Supplied records:

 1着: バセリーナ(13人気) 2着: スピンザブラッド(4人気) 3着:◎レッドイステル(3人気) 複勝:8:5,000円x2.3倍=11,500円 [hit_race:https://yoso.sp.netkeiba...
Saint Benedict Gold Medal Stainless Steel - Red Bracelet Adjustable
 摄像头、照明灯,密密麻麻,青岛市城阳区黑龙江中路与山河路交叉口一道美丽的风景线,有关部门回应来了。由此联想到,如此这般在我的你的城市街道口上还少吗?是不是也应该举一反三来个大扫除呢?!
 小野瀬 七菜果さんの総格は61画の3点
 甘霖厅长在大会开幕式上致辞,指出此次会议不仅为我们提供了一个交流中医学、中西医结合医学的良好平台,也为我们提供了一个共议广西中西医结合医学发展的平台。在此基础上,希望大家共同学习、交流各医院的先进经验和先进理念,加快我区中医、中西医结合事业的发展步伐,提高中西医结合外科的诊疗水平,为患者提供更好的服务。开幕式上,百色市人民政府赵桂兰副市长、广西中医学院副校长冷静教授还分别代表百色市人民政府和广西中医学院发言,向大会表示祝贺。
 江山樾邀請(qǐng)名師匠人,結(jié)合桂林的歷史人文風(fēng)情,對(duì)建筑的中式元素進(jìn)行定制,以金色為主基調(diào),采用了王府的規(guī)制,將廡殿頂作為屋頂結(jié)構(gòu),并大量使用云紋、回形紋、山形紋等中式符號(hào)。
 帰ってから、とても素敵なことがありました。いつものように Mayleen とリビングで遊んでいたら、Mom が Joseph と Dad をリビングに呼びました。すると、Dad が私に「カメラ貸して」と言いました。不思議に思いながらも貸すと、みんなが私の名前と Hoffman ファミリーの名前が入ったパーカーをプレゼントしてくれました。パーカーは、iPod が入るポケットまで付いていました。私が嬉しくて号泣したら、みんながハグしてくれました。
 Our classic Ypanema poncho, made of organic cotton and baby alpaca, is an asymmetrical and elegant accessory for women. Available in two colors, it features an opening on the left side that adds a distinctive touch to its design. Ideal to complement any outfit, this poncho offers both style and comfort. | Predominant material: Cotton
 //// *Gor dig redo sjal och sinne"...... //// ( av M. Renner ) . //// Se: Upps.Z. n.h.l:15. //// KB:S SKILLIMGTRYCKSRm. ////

Exercise objective: Each line of the data above is to be duplicated exactly.

Written reply:
 1着: バセリーナ(13人気) 2着: スピンザブラッド(4人気) 3着:◎レッドイステル(3人気) 複勝:8:5,000円x2.3倍=11,500円 [hit_race:https://yoso.sp.netkeiba...
Saint Benedict Gold Medal Stainless Steel - Red Bracelet Adjustable
 摄像头、照明灯,密密麻麻,青岛市城阳区黑龙江中路与山河路交叉口一道美丽的风景线,有关部门回应来了。由此联想到,如此这般在我的你的城市街道口上还少吗?是不是也应该举一反三来个大扫除呢?!
 小野瀬 七菜果さんの総格は61画の3点
 甘霖厅长在大会开幕式上致辞,指出此次会议不仅为我们提供了一个交流中医学、中西医结合医学的良好平台,也为我们提供了一个共议广西中西医结合医学发展的平台。在此基础上,希望大家共同学习、交流各医院的先进经验和先进理念,加快我区中医、中西医结合事业的发展步伐,提高中西医结合外科的诊疗水平,为患者提供更好的服务。开幕式上,百色市人民政府赵桂兰副市长、广西中医学院副校长冷静教授还分别代表百色市人民政府和广西中医学院发言,向大会表示祝贺。
 江山樾邀請(qǐng)名師匠人,結(jié)合桂林的歷史人文風(fēng)情,對(duì)建筑的中式元素進(jìn)行定制,以金色為主基調(diào),采用了王府的規(guī)制,將廡殿頂作為屋頂結(jié)構(gòu),并大量使用云紋、回形紋、山形紋等中式符號(hào)。
 帰ってから、とても素敵なことがありました。いつものように Mayleen とリビングで遊んでいたら、Mom が Joseph と Dad をリビングに呼びました。すると、Dad が私に「カメラ貸して」と言いました。不思議に思いながらも貸すと、みんなが私の名前と Hoffman ファミリーの名前が入ったパーカーをプレゼントしてくれました。パーカーは、iPod が入るポケットまで付いていました。私が嬉しくて号泣したら、みんながハグしてくれました。
 Our classic Ypanema poncho, made of organic cotton and baby alpaca, is an asymmetrical and elegant accessory for women. Available in two colors, it features an opening on the left side that adds a distinctive touch to its design. Ideal to complement any outfit, this poncho offers both style and comfort. | Predominant material: Cotton
 //// *Gor dig redo sjal och sinne"...... //// ( av M. Renner ) . //// Se: Upps.Z. n.h.l:15. //// KB:S SKILLIMGTRYCKSRm. ////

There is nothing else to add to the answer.